WORK TO BE COMPLETED — Transcribe the listing below word for word but skip its images.

SOURCE DATA —
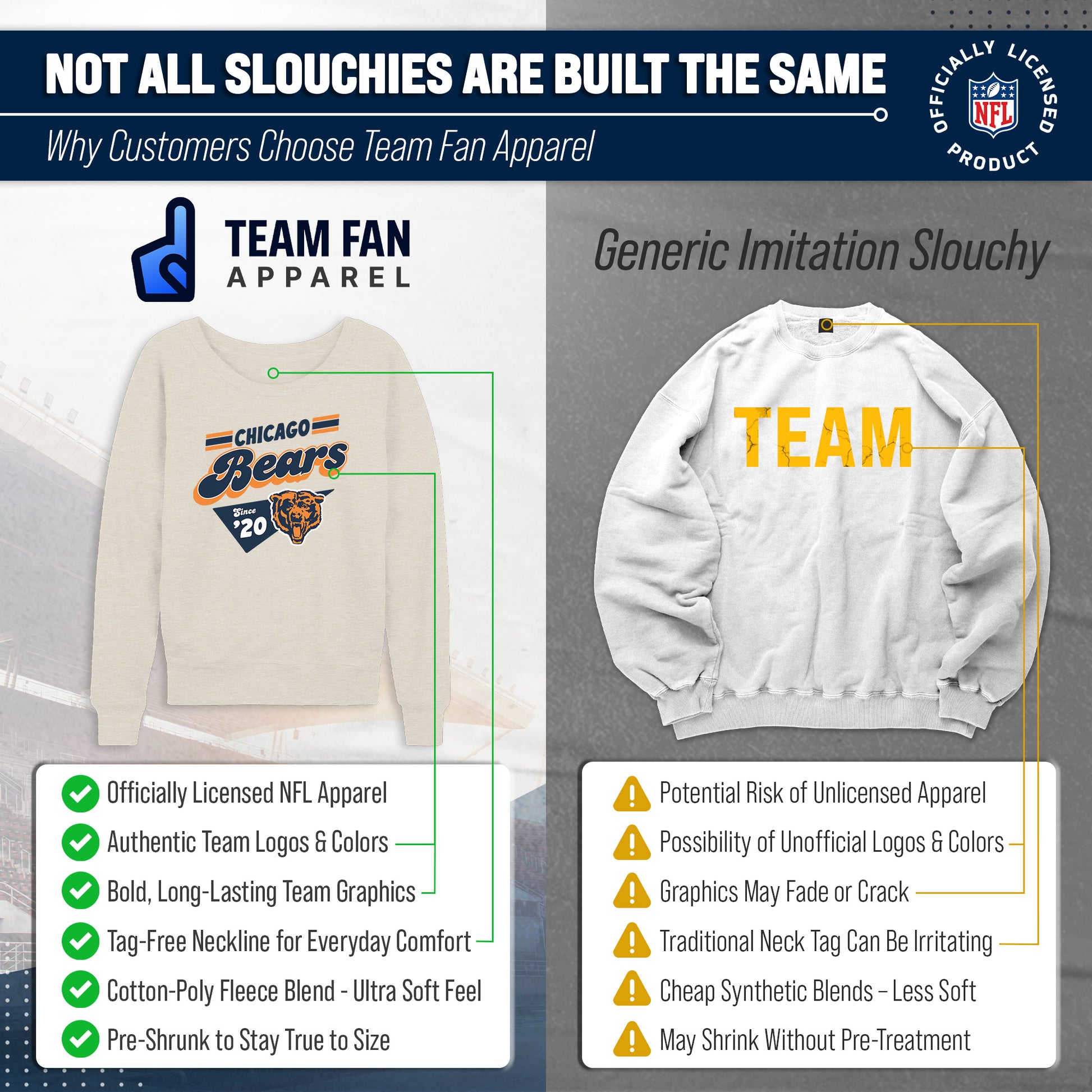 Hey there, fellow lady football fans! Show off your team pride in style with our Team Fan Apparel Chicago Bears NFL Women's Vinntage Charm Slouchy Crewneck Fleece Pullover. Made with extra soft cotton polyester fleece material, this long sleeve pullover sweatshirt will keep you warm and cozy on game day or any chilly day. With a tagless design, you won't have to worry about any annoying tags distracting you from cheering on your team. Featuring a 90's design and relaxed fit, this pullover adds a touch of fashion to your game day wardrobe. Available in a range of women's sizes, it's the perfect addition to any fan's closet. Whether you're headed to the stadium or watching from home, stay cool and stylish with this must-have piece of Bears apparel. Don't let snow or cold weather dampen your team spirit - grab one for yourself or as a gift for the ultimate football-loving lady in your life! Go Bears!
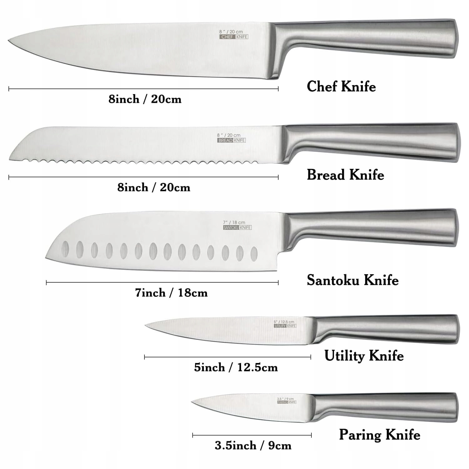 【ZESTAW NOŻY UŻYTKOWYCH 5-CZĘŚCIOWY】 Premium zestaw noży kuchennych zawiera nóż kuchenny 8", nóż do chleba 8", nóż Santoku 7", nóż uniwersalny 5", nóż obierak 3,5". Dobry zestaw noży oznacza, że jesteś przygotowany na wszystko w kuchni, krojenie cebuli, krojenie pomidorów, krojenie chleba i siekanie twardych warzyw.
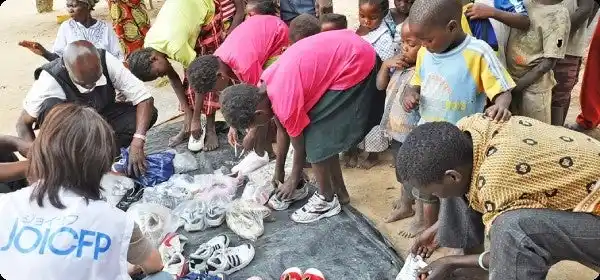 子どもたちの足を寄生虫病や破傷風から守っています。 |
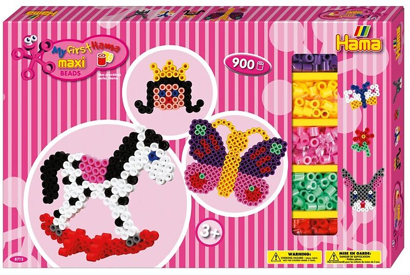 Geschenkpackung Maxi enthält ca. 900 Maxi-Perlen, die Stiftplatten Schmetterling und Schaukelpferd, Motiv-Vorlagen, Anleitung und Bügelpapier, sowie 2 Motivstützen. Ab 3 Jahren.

WORKED SOLUTION —
 Hey there, fellow lady football fans! Show off your team pride in style with our Team Fan Apparel Chicago Bears NFL Women's Vinntage Charm Slouchy Crewneck Fleece Pullover. Made with extra soft cotton polyester fleece material, this long sleeve pullover sweatshirt will keep you warm and cozy on game day or any chilly day. With a tagless design, you won't have to worry about any annoying tags distracting you from cheering on your team. Featuring a 90's design and relaxed fit, this pullover adds a touch of fashion to your game day wardrobe. Available in a range of women's sizes, it's the perfect addition to any fan's closet. Whether you're headed to the stadium or watching from home, stay cool and stylish with this must-have piece of Bears apparel. Don't let snow or cold weather dampen your team spirit - grab one for yourself or as a gift for the ultimate football-loving lady in your life! Go Bears!
 【ZESTAW NOŻY UŻYTKOWYCH 5-CZĘŚCIOWY】 Premium zestaw noży kuchennych zawiera nóż kuchenny 8", nóż do chleba 8", nóż Santoku 7", nóż uniwersalny 5", nóż obierak 3,5". Dobry zestaw noży oznacza, że jesteś przygotowany na wszystko w kuchni, krojenie cebuli, krojenie pomidorów, krojenie chleba i siekanie twardych warzyw.
 子どもたちの足を寄生虫病や破傷風から守っています。 |
 Geschenkpackung Maxi enthält ca. 900 Maxi-Perlen, die Stiftplatten Schmetterling und Schaukelpferd, Motiv-Vorlagen, Anleitung und Bügelpapier, sowie 2 Motivstützen. Ab 3 Jahren.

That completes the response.